# What Melted? Is this part of my AF sensor



## vinny27911 (Oct 5, 2012)

I have an older rebel xt.  I was recently taking a close look at it and noticed something melted below the mirror. Any suggestions as to what this part is called or how it happened?
Thanks!


----------



## Derrel (Oct 5, 2012)

Yeah, the bottom of the mirror box...yup...that's where the nifty parts of the AF system are located.

Have you noticed any strange orbs in the night skies? Have you had dreams of being taken aboard an alien craft--of any kind? Has all of the food in your refrigerator suddenly acquired the taste of,say, weird chemicals,like those that aliens might have left behind after a midnight munchies raid on your food supply? Do you ever think, "Am I* really* on Earth, or is this maybe another planet where aliens have taken me after they melted my Canon's AF sensors?" 

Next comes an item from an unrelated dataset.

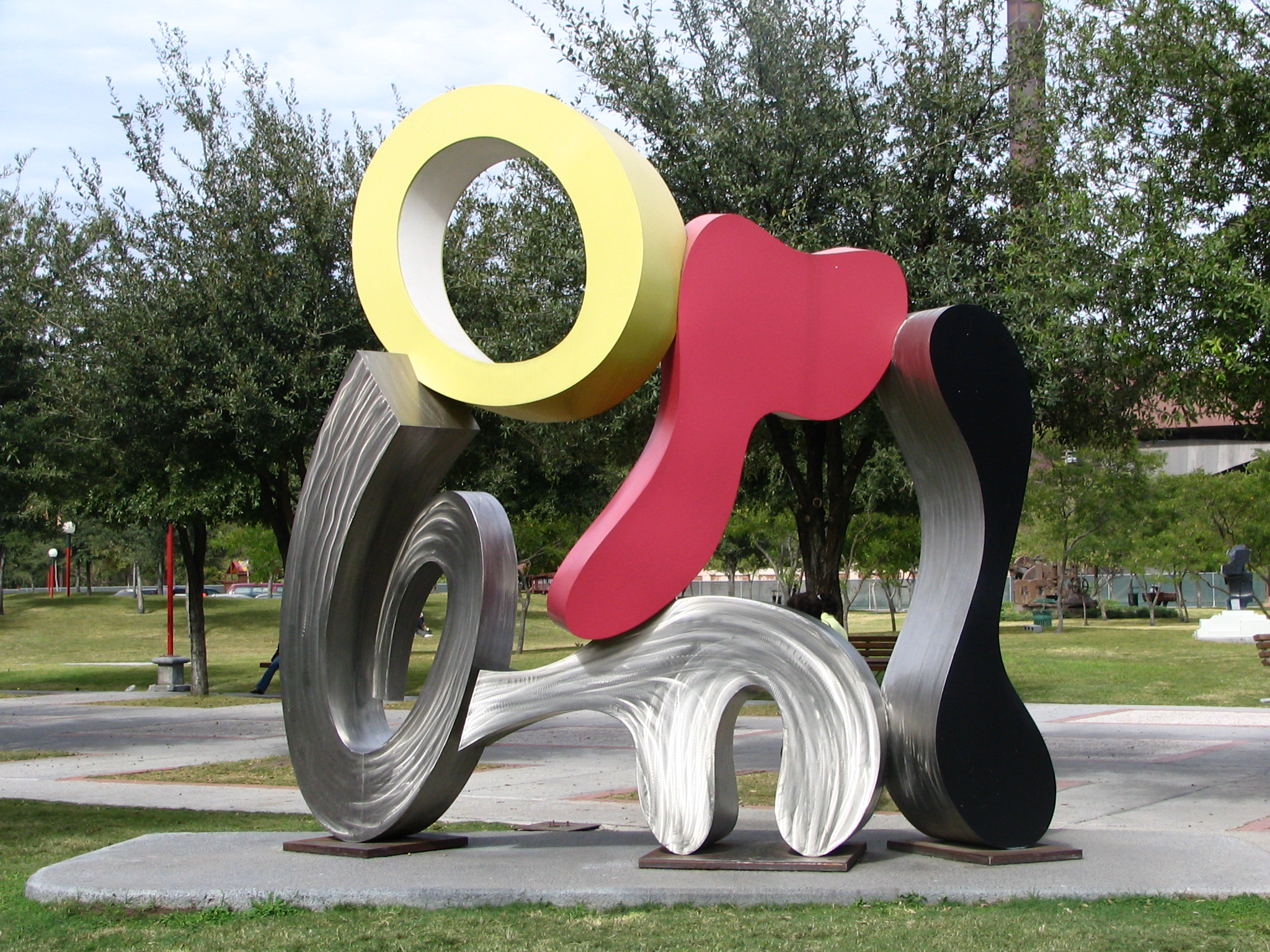 "Atlas Melody" sculpture of the American artist Brad Howe placed in Fundidora Park Monterrey, Mexico.

Does the persistent question, "Has my camera been.........*probed?*" nag at your mind?


----------



## sapper6fd (Oct 5, 2012)

How in the hell did that happen?!?!?!?


----------



## Tony S (Oct 5, 2012)

Did you leave your camera sitting somewhere that the sun was shining on it?  A trememndous amount of heat can be produced by the sun coming in through the lens just like a magnifying glass frying ants, it looks like maybe that is what could have caused "meltage" in that location.


----------



## vinny27911 (Oct 5, 2012)

My guess...and I am a noob.. is that trying to take pics of a recent solar eclipse may have done it. I tried the paper on the backside of the viewfinder to find the sun and used a cheap 650 to 1300 zoom lens but let the camera shoot in auto so the light coming in could only have been extremely minimal.?.? I've noticed focus issues with my 50mm prime and have attributed that to narrow field of focus and low f stops...


----------



## Tony S (Oct 5, 2012)

Yikes... I think you just answered where the heat came from.  It does not take very long to melt that plastic and the sun light is so concentrated through the lens elements (think multiple magnifying glasses).


----------



## Overread (Oct 5, 2012)

Even with the sensor only exposed for a fraction of a second the mirror in the DSLR reflects part of the light through the viewfinder and the other to the AF sensors. So they would have been exposed for much longer. The method itself probably worked with film in the pre-AF sensor era when inside you did just have the mirror reflecting light into the viewfinder. Provided you used the paper to see what the viewfinder showed (and didn't look through it yourself!) it wouldn't cause any damage. 

Sadly I think this has just been an expensive lesson in astrophotography.


----------